• Exercise description
Retype the lines below exactly, but only those from the line that has "尚保存著日本江戶時期直轄地盛" through the line that has "f.UDS Diffusivity选择define-per-uds,在弹出的UDS Diffusivity". Omit every picture.

Content starts

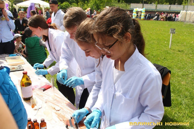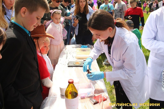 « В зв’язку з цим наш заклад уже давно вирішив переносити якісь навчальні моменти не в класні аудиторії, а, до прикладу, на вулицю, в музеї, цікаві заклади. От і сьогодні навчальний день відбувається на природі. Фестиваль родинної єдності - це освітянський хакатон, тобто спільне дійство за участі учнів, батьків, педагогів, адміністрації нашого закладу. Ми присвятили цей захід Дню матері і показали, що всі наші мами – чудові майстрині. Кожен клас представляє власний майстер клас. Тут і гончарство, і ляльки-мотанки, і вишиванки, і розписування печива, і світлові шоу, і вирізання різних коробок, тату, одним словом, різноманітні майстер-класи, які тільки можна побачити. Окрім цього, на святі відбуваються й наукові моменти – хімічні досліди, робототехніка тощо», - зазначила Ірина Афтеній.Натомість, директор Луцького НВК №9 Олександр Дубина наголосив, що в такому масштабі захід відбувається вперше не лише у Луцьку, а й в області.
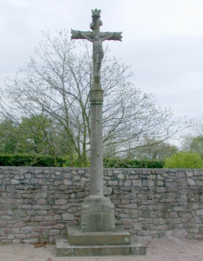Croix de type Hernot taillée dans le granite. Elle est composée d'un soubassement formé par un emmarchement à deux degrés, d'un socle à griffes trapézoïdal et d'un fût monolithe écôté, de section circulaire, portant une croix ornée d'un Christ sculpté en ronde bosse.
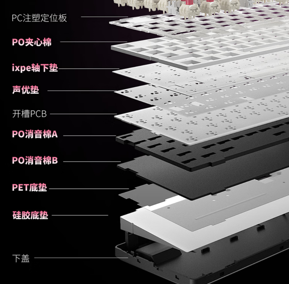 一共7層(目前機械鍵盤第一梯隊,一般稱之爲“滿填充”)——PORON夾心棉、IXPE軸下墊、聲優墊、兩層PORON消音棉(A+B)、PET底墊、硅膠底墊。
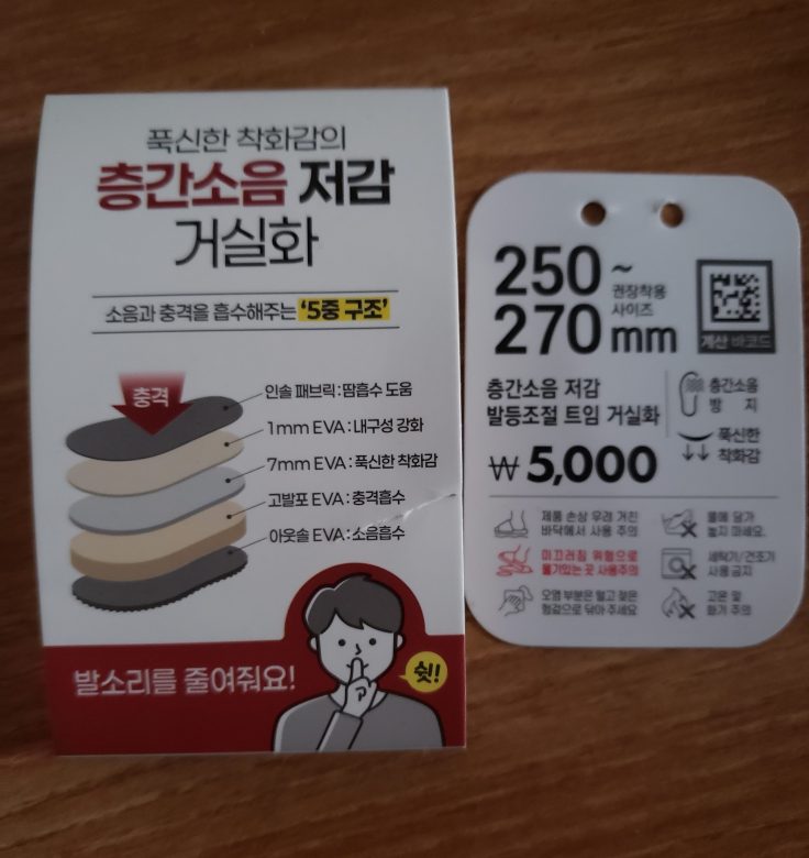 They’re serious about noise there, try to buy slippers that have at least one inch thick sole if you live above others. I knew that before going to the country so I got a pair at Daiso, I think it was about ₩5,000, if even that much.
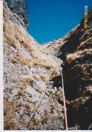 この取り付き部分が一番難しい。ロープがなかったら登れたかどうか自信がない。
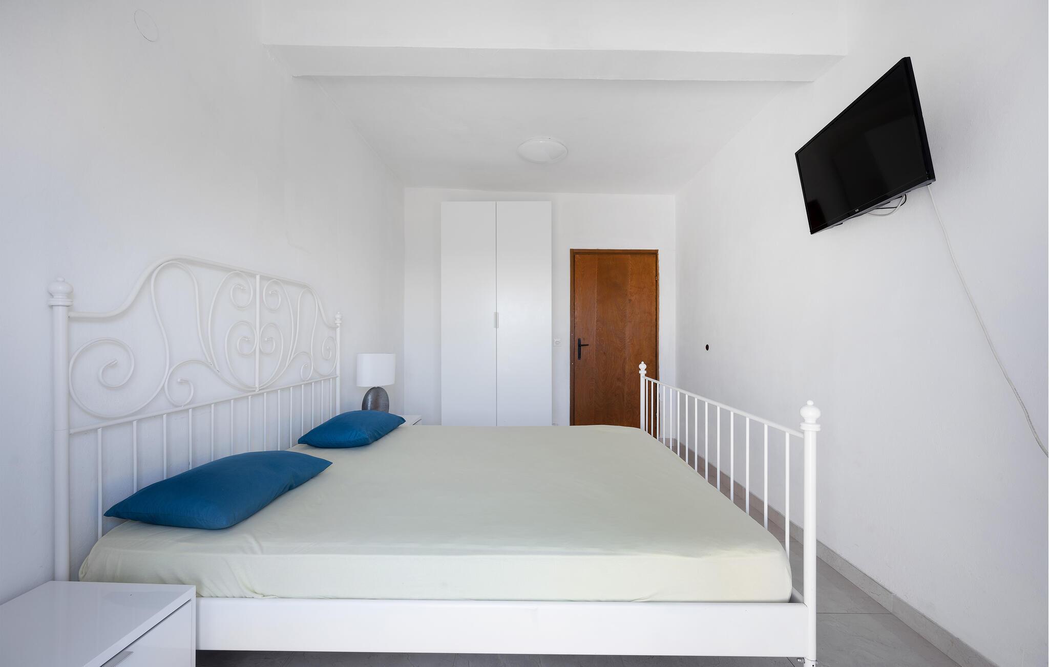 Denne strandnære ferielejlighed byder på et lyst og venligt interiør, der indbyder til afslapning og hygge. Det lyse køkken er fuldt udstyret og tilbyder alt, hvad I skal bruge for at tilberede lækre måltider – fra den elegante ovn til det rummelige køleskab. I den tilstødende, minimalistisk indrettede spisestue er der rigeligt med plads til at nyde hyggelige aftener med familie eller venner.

Content ends
Content starts

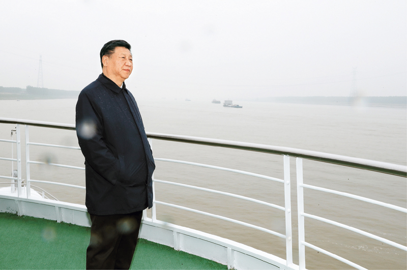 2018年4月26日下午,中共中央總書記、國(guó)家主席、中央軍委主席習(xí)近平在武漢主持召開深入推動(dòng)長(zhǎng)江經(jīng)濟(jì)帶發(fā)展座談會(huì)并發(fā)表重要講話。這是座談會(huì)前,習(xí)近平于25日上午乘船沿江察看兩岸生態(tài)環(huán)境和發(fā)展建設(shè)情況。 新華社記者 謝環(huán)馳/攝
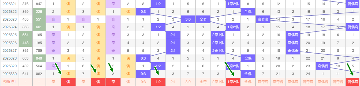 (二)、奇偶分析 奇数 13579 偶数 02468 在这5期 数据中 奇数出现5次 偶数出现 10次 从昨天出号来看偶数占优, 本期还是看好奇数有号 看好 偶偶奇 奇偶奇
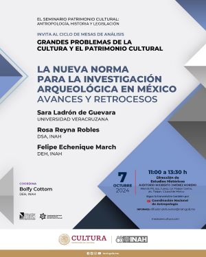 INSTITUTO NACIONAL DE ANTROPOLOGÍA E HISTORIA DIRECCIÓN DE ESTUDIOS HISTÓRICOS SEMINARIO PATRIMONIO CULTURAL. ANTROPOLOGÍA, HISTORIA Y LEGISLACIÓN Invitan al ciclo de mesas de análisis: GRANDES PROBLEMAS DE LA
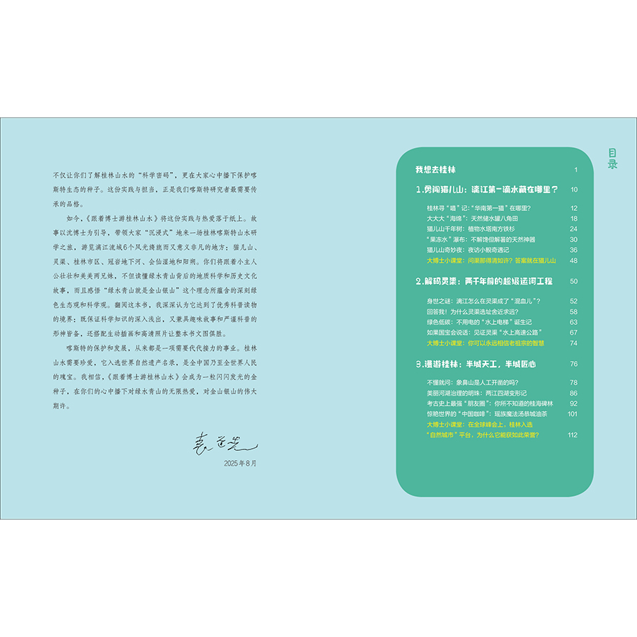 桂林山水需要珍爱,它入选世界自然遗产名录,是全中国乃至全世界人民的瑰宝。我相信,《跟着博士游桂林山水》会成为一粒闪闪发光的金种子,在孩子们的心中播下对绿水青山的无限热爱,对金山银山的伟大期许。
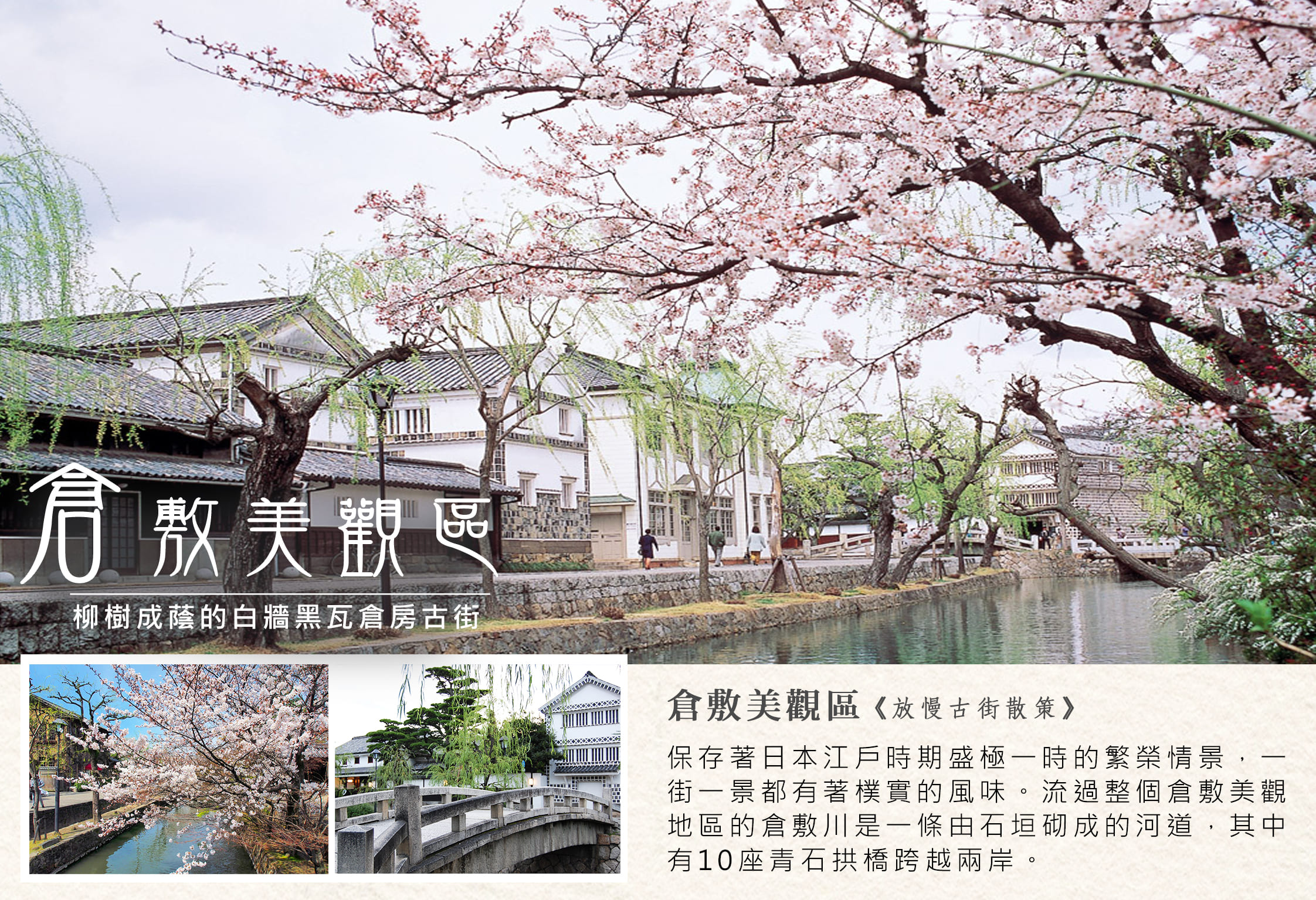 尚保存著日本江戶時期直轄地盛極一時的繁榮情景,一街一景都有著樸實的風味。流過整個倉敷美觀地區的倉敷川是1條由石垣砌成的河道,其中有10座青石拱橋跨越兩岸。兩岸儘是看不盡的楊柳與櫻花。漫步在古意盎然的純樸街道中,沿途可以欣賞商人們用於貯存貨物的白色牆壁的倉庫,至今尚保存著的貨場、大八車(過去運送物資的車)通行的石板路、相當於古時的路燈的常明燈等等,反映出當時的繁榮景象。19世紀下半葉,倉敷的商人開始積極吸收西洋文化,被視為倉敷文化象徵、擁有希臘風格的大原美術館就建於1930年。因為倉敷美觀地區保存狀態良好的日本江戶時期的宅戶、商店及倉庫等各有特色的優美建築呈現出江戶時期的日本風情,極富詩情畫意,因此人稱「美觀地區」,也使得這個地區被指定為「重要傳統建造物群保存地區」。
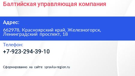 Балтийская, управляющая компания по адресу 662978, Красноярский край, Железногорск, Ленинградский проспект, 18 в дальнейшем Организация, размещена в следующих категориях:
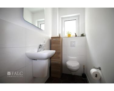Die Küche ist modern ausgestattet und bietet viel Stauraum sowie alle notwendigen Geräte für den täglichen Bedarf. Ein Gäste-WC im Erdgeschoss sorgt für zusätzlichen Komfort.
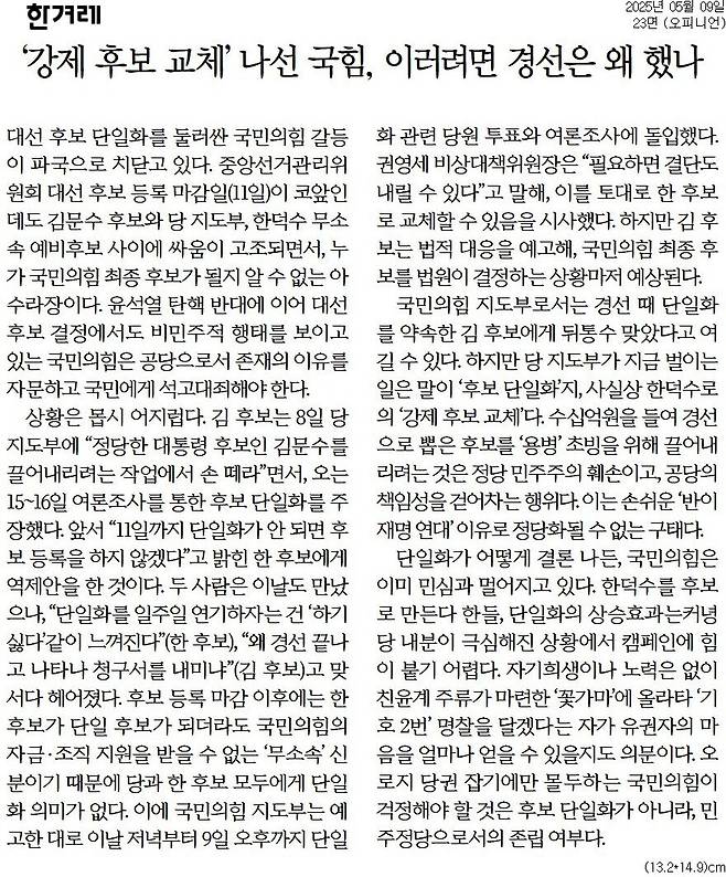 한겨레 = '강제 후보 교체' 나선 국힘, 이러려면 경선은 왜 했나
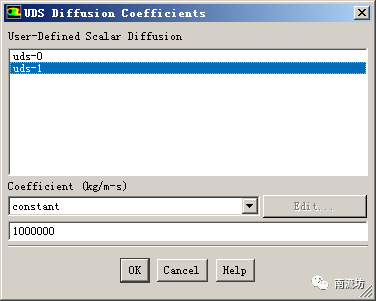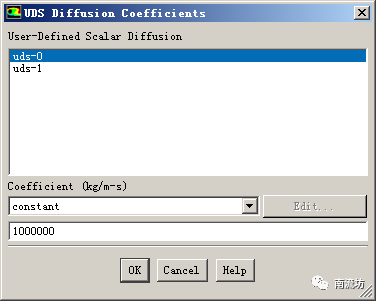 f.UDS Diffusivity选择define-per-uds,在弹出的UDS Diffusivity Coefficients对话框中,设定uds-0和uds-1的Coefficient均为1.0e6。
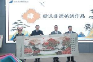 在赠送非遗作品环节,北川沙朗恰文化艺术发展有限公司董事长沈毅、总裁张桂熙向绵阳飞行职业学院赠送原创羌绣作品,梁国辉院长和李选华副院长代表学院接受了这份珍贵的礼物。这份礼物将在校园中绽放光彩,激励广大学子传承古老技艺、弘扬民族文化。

Content ends

• Written response
 尚保存著日本江戶時期直轄地盛極一時的繁榮情景,一街一景都有著樸實的風味。流過整個倉敷美觀地區的倉敷川是1條由石垣砌成的河道,其中有10座青石拱橋跨越兩岸。兩岸儘是看不盡的楊柳與櫻花。漫步在古意盎然的純樸街道中,沿途可以欣賞商人們用於貯存貨物的白色牆壁的倉庫,至今尚保存著的貨場、大八車(過去運送物資的車)通行的石板路、相當於古時的路燈的常明燈等等,反映出當時的繁榮景象。19世紀下半葉,倉敷的商人開始積極吸收西洋文化,被視為倉敷文化象徵、擁有希臘風格的大原美術館就建於1930年。因為倉敷美觀地區保存狀態良好的日本江戶時期的宅戶、商店及倉庫等各有特色的優美建築呈現出江戶時期的日本風情,極富詩情畫意,因此人稱「美觀地區」,也使得這個地區被指定為「重要傳統建造物群保存地區」。
 Балтийская, управляющая компания по адресу 662978, Красноярский край, Железногорск, Ленинградский проспект, 18 в дальнейшем Организация, размещена в следующих категориях:
Die Küche ist modern ausgestattet und bietet viel Stauraum sowie alle notwendigen Geräte für den täglichen Bedarf. Ein Gäste-WC im Erdgeschoss sorgt für zusätzlichen Komfort.
 한겨레 = '강제 후보 교체' 나선 국힘, 이러려면 경선은 왜 했나
 f.UDS Diffusivity选择define-per-uds,在弹出的UDS Diffusivity Coefficients对话框中,设定uds-0和uds-1的Coefficient均为1.0e6。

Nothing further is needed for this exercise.